*REQUIRED WORK:* Give back exactly the lines of the data below, starting with the line that has "Fragment faience schotel, blauw" and going on through the line that has "Fototapeta premium Modern".

*GIVEN DATA:*
.....
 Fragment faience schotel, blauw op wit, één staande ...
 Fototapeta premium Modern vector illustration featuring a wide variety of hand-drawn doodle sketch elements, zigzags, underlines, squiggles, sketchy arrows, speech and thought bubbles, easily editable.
.....
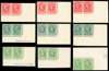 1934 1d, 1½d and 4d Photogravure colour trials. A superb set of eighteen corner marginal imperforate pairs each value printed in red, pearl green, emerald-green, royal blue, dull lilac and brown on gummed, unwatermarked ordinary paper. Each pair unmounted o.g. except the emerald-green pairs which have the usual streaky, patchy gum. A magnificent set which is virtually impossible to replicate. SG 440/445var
.....
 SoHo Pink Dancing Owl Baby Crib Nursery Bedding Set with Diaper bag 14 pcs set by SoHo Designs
.....
*SOLVED EXERCISE:*
 Fragment faience schotel, blauw op wit, één staande ...
 Fototapeta premium Modern vector illustration featuring a wide variety of hand-drawn doodle sketch elements, zigzags, underlines, squiggles, sketchy arrows, speech and thought bubbles, easily editable.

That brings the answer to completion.